The tax industry doesn't want the IRS to create a nice user friendly Q&A.. so all you get is an online version of the PDFs and e-filing if you are lucky..

In terms of your comments...

Key words being -- *most*. You cannot submit most of a return. If you require a form that is not present then you are back to the PDFs..If you require a supported form that has a limitation that affects you... you are back to print and post.

There is also a big asterisk on *allows *- FFF support of common filing requirements for overseas filers are not supported resulting in a need to print and post.

To this day, it does not support attachments. If you need to use Form 1116 you are out of luck. I believe in the past it also did not support married filing separately if your spouse was a non-resident alien without an ITIN or SSN. No doubt many others.

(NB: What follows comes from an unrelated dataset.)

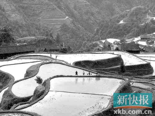 吊腳樓只能滿足遠觀拍照的需要,只有赤足走在梯田的田基上,才會接觸那些位處高山、但并不荒蕪的土地?吹矫绨迕裾诓逖,不妨借幾株秧苗插在水中,心中自然會涌起秋天再來的念頭。

For me FFF has no advantage over the PDFs

-- I need to know what forms to use anyways 
-- the calculations built into FFF are minimal, and could be done with a spreadsheet anyway
-- I can keep a copy beyond Oct each year by simply saving them to my hard drive
-- I can't submit electronically because it doesn't support attachments.
-- I have to deal with forms that do not support all of my filing requirements.


----------



## Bevdeforges (Nov 16, 2007)

Just one note here: the Free File Fillable Forms is the IRS e-filing site. The forms do basic math for you but there is no "dialog" where the program will guide you in where to put which numbers.

And, I suspect that (unless something has changed this year) you cannot enter NRA for either spouse's name nor for spouse's SSN/ITIN if you are married to an NRA and therefore filing married, filing separately. 

I found when using Free File Fillable Forms last year that the "easiest" approach would be to fill in the paper forms by hand, and then use those to guide you in filling in the online forms. Do read the info on the "limitations" (or possibly "known issues") in the instructions. I believe one major shortcoming for expats is that, if you are filing the FTC (form 1116) you aren't able to attach the required supporting documents. (Unless, of course, they've fixed this this year.) Then again, you could always just file the forms and if they want to see the attachments I suppose they'll be in touch. <g> (That's intended as sort of a joke - though if you're in the lower income brackets you very possibly may get away with it.)


----------



## New2Aussie (Apr 6, 2020)

I tried using FFF but it wants a valid phone number ( I am guessing from USA) It wouldn't let me enter my Australian one


----------



## Bevdeforges (Nov 16, 2007)

New2Aussie said:


> I tried using FFF but it wants a valid phone number ( I am guessing from USA) It wouldn't let me enter my Australian one


Yes, it has to be a US phone number. You can get away with using a friend's or family member's. But the FFF system is pretty tricky to use.


----------